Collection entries
Start of Block

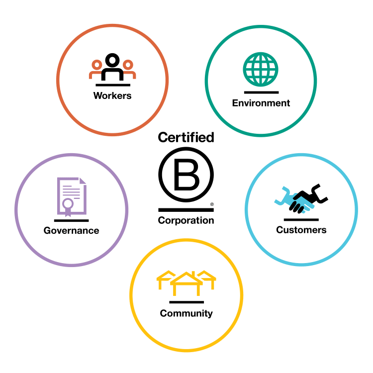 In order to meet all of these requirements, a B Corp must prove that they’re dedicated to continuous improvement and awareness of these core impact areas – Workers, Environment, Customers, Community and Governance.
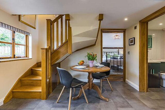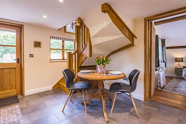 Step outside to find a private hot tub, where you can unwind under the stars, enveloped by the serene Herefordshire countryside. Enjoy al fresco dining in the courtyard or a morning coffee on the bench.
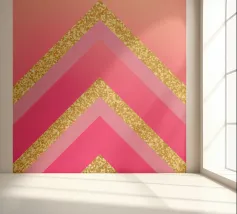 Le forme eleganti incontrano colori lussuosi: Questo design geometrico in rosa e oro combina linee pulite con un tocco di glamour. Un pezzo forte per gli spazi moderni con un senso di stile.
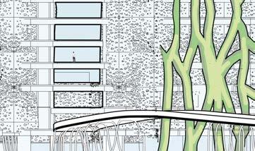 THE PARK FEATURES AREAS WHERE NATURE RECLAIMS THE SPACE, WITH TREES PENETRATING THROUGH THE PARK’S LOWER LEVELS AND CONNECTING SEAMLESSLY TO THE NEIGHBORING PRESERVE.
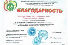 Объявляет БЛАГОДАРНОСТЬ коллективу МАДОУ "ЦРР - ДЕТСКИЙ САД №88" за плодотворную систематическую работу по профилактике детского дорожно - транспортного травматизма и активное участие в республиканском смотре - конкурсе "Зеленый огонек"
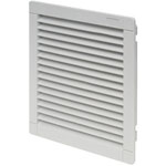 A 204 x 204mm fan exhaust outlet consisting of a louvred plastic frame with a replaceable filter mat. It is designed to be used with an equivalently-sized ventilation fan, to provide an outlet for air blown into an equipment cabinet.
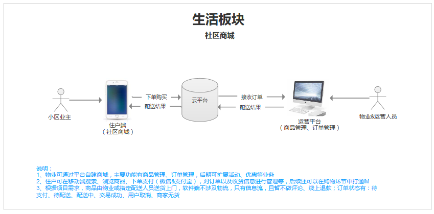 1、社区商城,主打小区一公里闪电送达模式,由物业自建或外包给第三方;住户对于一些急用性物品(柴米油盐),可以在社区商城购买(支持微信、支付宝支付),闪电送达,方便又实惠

End of Block

▸ Exercise goal: The answer must be the lines from the first one in the records through the line containing "THE PARK FEATURES", copied exactly, with no pictures.

▸ Answer box:
 In order to meet all of these requirements, a B Corp must prove that they’re dedicated to continuous improvement and awareness of these core impact areas – Workers, Environment, Customers, Community and Governance.
 Step outside to find a private hot tub, where you can unwind under the stars, enveloped by the serene Herefordshire countryside. Enjoy al fresco dining in the courtyard or a morning coffee on the bench.
 Le forme eleganti incontrano colori lussuosi: Questo design geometrico in rosa e oro combina linee pulite con un tocco di glamour. Un pezzo forte per gli spazi moderni con un senso di stile.
 THE PARK FEATURES AREAS WHERE NATURE RECLAIMS THE SPACE, WITH TREES PENETRATING THROUGH THE PARK’S LOWER LEVELS AND CONNECTING SEAMLESSLY TO THE NEIGHBORING PRESERVE.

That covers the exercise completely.